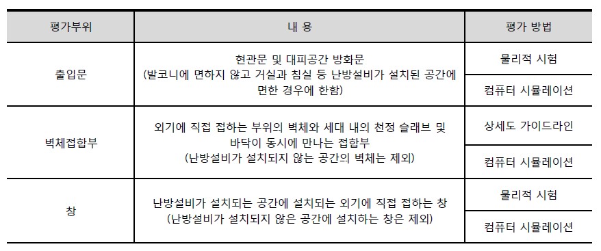 " 주요 부위별 결로방지 성능평가 방법 "
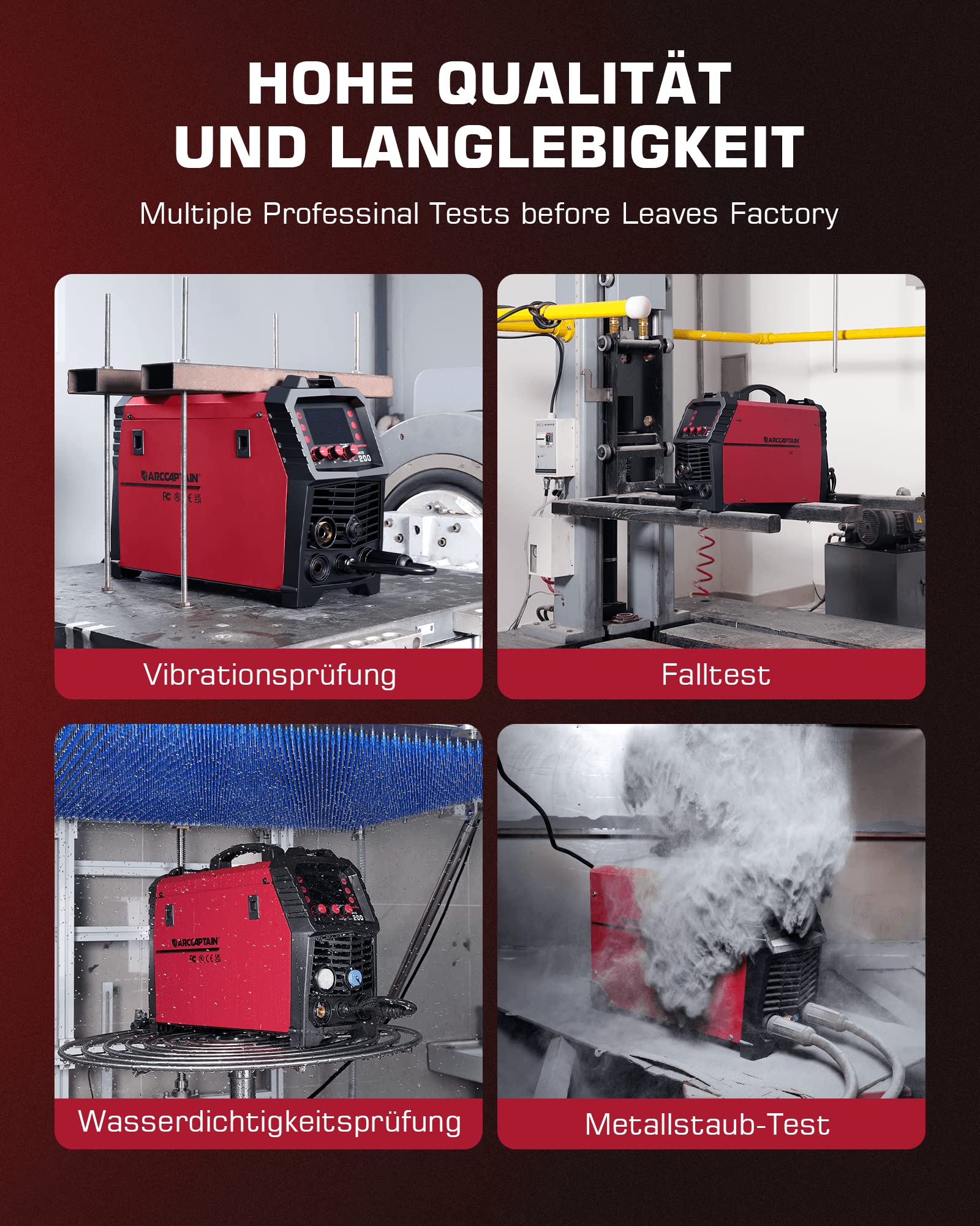 Geprüfte Qualität und Langlebigkeit: Dieses Schweissgerät wurde rigorosen Tests unterzogen, darunter Vibrations-, Fall- und Wasserdichtigkeitstests (TÜV & CSA zertifiziert). Die Verwendung hochwertiger Komponenten sichert maximale Stabilität und eine lange Lebensdauer, unterstützt durch eine 2-jährige Qualitätsgarantie.
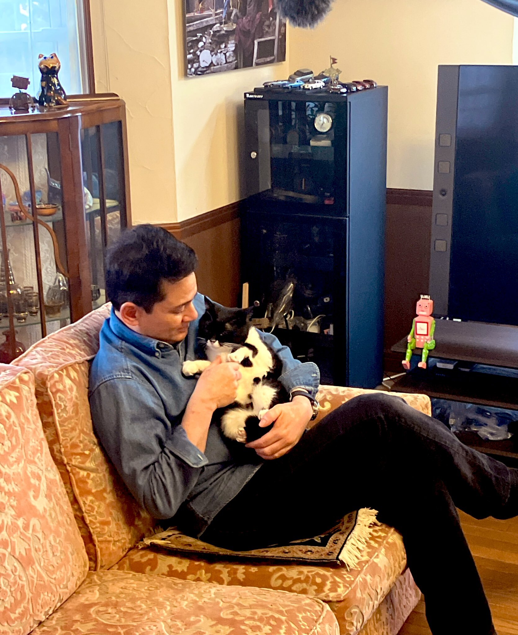 今日は丸一日、自宅ロケ。クロさんとの共演も。

+++++

**Directions for this task**
Please write out the lines from the one that holds "Geprüfte Qualität und" through the end of the material, both ends included, exactly and with no pictures.

**Exercise solution**
 Geprüfte Qualität und Langlebigkeit: Dieses Schweissgerät wurde rigorosen Tests unterzogen, darunter Vibrations-, Fall- und Wasserdichtigkeitstests (TÜV & CSA zertifiziert). Die Verwendung hochwertiger Komponenten sichert maximale Stabilität und eine lange Lebensdauer, unterstützt durch eine 2-jährige Qualitätsgarantie.
 今日は丸一日、自宅ロケ。クロさんとの共演も。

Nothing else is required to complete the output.